Vitis Tutorials: AI Engine (XD100)

Document ID
XD100
Release Date
2024-03-05
Version
2023.2 English

To calculate the N-Body gravity equations for 128 particles, each nbody() kernel calculates the N-Body gravity equations for 32 particles. However, in order to calculate acceleration and the new velocities, an nbody() kernel needs to know the data in the other kernels. For example, if particle 0 is mapped to nbody_kernel[0] and particle 32 is mapped to nbody_kernel[1], then nbody_kernel[0] needs to know the data in nbody_kernel[1] to accurately calculate the summation equation for acceleration and then calculate the new velocity of particle 0.

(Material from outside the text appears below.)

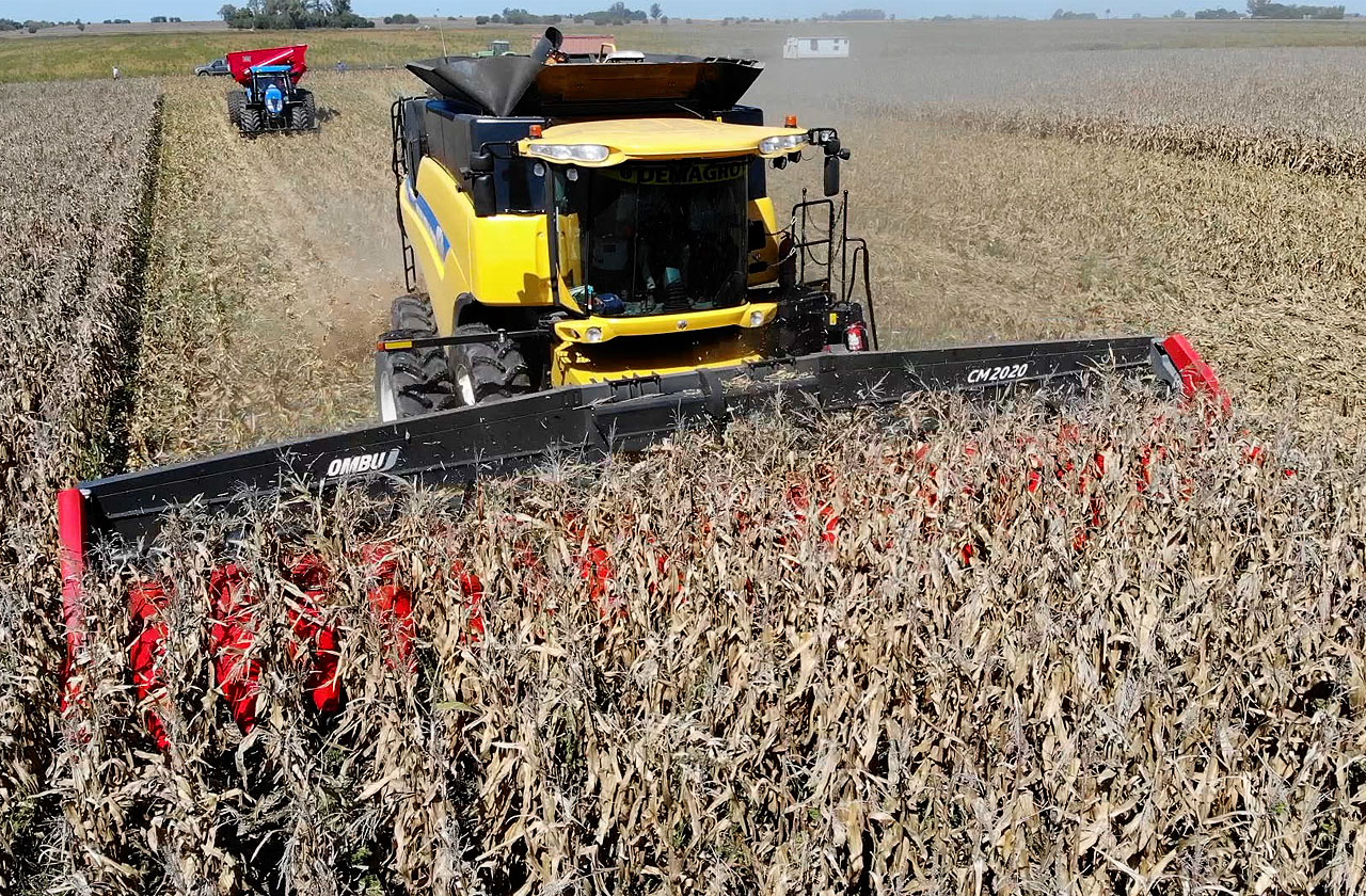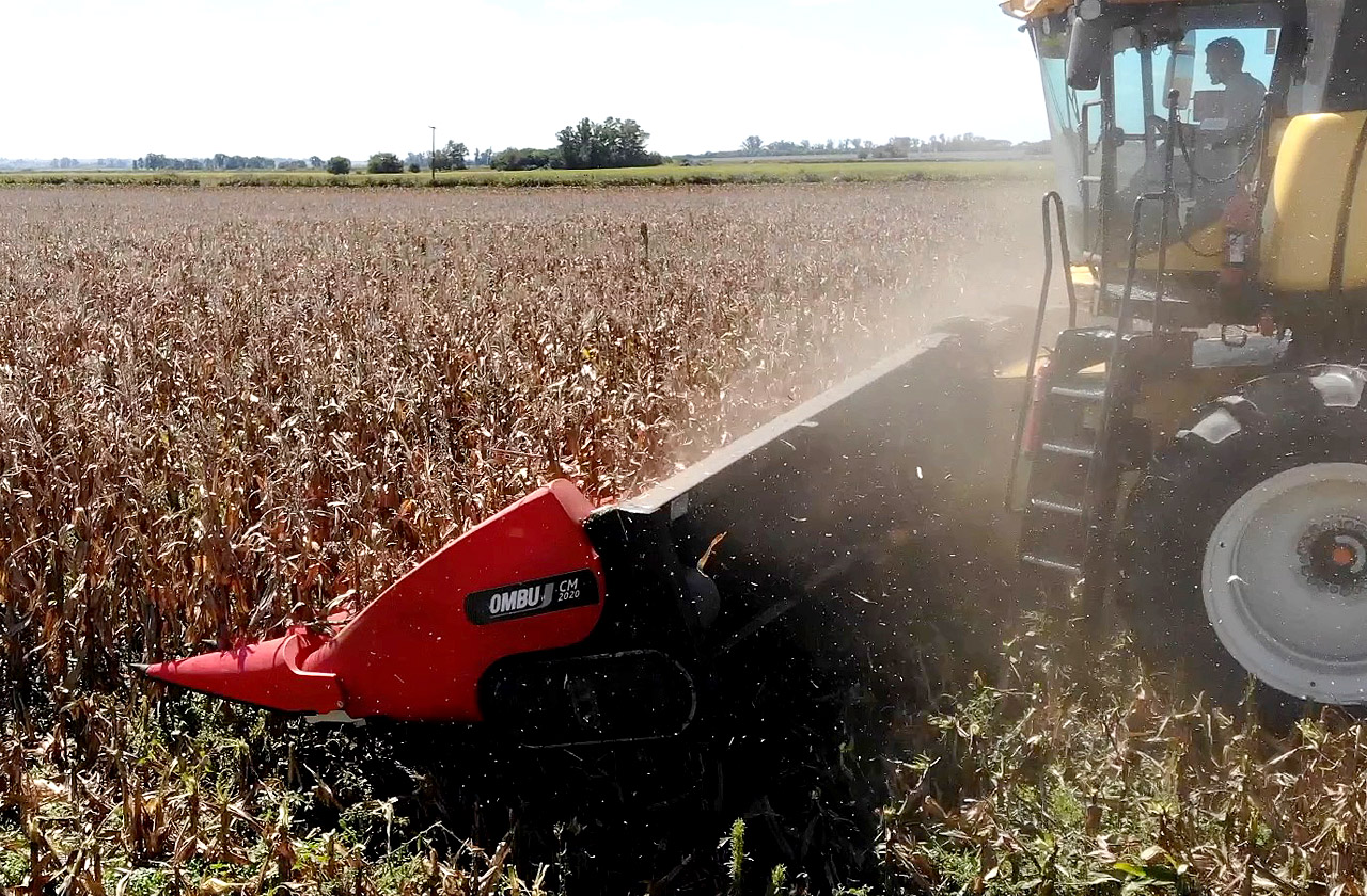 El Cabezal Maicero OMBU CM 2020 es un equipo adaptable, robusto y versátil, diseñado para trabajar en distintas configuraciones de surcos y condiciones de cultivo.

This is where the input_j stream plays a vital role in data sharing. Even though the input_j data stream has a window size for 32 particles worth of data, the LOOP_COUNT_J value can be set to allow the nbody() kernels to take in any number of 32 particles worth of data at a time. For a single instance of the nbody_subsystem graph, the LOOP_COUNT_J should be set to 4 to stream in data for all four kernels. For the final AI Engine graph, which contains 100 instances of the nbody_subsystem graph, the LOOP_COUNT_J value is set to 400 to stream in data for all 400 kernels to each nbody() kernel.

alt text

For example, to calculate the new velocity of particle 0 mapped in nbody_kernel[0], the nbody_kernel[0] can retrieve the data value of particle 32 from the input_j stream. This way, all nbody() kernels will have the data values for all other particles mapped in the other nbody() kernels through data streaming from input_j.